WHAT IS EXPECTED: Quote the listing below in its entirety, omitting every image.

DATA:
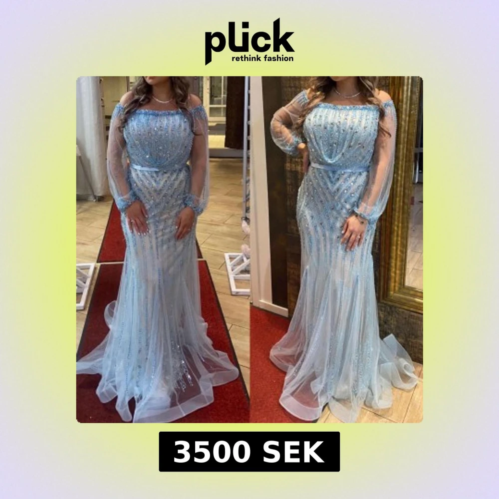 Elegant ljusblå långklänning med glittriga detaljer och offshoulder-design. Klänningen har långa, transparenta ärmar och en smickrande passform med ett bälte i midjan. Perfekt för speciella tillfällen.
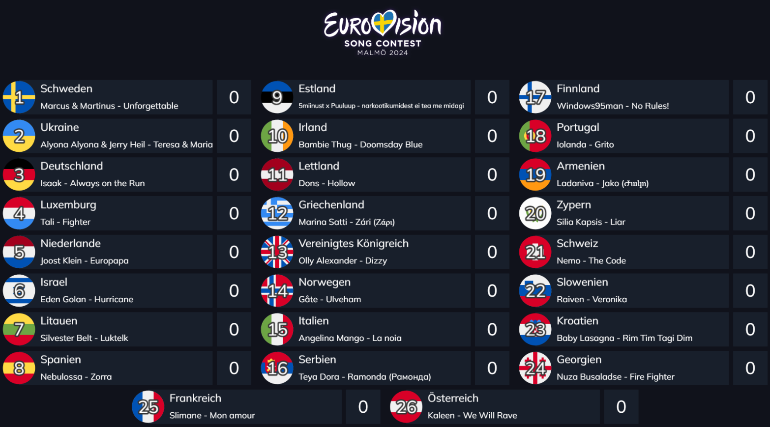 Voting von 1 bis 5 Punkte in den Kategorien Song, Performance und Bühnenshow pro Auftritt.
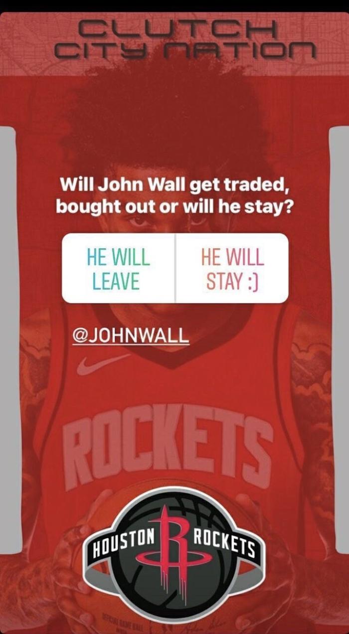 来源:JRS直播网05-16 15:01JRS直播网讯 北京时间5月16日,为Clutch City Nation的火箭媒体发起了一项投票,投票内容是:约翰-沃尔会被交易,买断还是会留下?
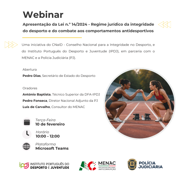 O evento decorre a 10 de fevereiro de 2026, das 10h às 12h, via Microsoft Teams. Serão realizadas 3 comunicações sobre temas ligados à lei, às potencialidades de detecção de crime e à ética/desporto.

OUTPUT OF THE TASK:
 Elegant ljusblå långklänning med glittriga detaljer och offshoulder-design. Klänningen har långa, transparenta ärmar och en smickrande passform med ett bälte i midjan. Perfekt för speciella tillfällen.
 Voting von 1 bis 5 Punkte in den Kategorien Song, Performance und Bühnenshow pro Auftritt.
 来源:JRS直播网05-16 15:01JRS直播网讯 北京时间5月16日,为Clutch City Nation的火箭媒体发起了一项投票,投票内容是:约翰-沃尔会被交易,买断还是会留下?
 O evento decorre a 10 de fevereiro de 2026, das 10h às 12h, via Microsoft Teams. Serão realizadas 3 comunicações sobre temas ligados à lei, às potencialidades de detecção de crime e à ética/desporto.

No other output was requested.